Canadian politician (1845–1920)

Alexander Stephen Jr. (9 November 1845 – 7 November 1920) was a Canadian merchant and political figure in Nova Scotia who became the 41st Mayor of Halifax from 1897 to 1899.

==Early life==
Alexander Stephen Jr., of Scottish descent, was born on 9 November 1845 in Musquodoboit, Nova Scotia, Canada.

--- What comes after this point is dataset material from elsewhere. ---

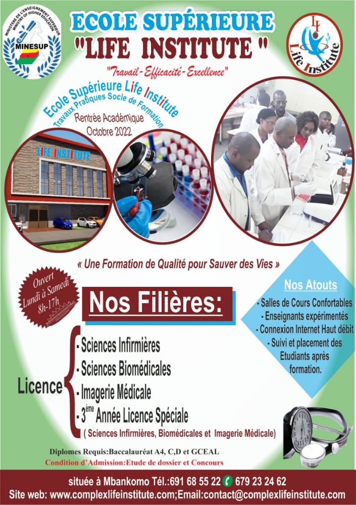 Nos félicitations aux différents candidats ayant été admis au concours pour le compte de Life Institute. Toutefois, pour vos amis et camarades malheureux à ce concours, une offre de formation alternative leur est réservée dans lle campus annexe du Complexe Life Institute, pour une inscription en licence professionnelle pour les bacheliers et dans les filières de formation professionnelle du MINEFOP pour les autres…

Born to Alexander Stephen and Mary Ann Gould, he was the eldest son. His father emigrated from Rothes, Aberdeenshire, Scotland, to Nova Scotia in 1834 to pursue business. Stephen Jr. received his early education at the Free Church Academy and Horton College. He served as a captain in the 9th Halifax Militia before the Canadian Confederation and, by 1867, held the same rank in the militia reserve.

==Career==
Alexander Stephen Jr. joined his father's firm, A. Stephen & Son, a furniture and wooden ware manufacturer in Halifax, Nova Scotia. He eventually became the president and managing director of the Nova Scotia Furnishing Company, which succeeded the firm of A. Stephen & Co. The business, the largest of its kind in the Maritime Provinces, was founded in 1864 by his father. Alexander joined as a partner in 1870 and took over full control when his father retired in 1879. In 1885, he brought in G.A. Wilson and James Reeves as co-partners, with Reeves serving as treasurer. The company remained under the same management following its incorporation, with department heads retaining their positions. Around 1887, a carpet department was introduced, becoming a successful addition to the business. His business operations included a factory on Grafton Street, extending through Albermarle Street, and ware rooms at the corner of Barrington and Prince streets. The company, originally A. Stephen & Son, expanded to include house furnishings, carpets, oilcloths, and draperies.

==Political career==
===City Alderman===
Alexander Stephen Jr. served as a Halifax alderman, first elected in 1882 and reelected in 1885. During his tenure, he held several key positions, including chairman of the Board of Works and chairman of the Halifax Public Gardens Commission. In 1885, he served as a joint delegate, alongside Mayor James Crosskill Mackintosh and Hon. Dr. Farrell, in the St. John–Halifax delegation to Ottawa concerning the Dry Dock and Short Line Railway. He was also a member of the executive committee for the 1881 Dominion Exhibition and played a significant role in its success. Stephen was an active promoter of the Victoria School of Art and Design (now NSCAD), established in Halifax in 1887 to commemorate Queen Victoria's Golden Jubilee. A dedicated Freemason, he was a Royal Arch Mason and Past Master of Virgin Lodge No. 3, RNS, with which he had been affiliated for two decades. Politically, he was a Liberal and a strong advocate for free trade, despite his involvement in the furniture and house furnishings industry, a highly protected sector.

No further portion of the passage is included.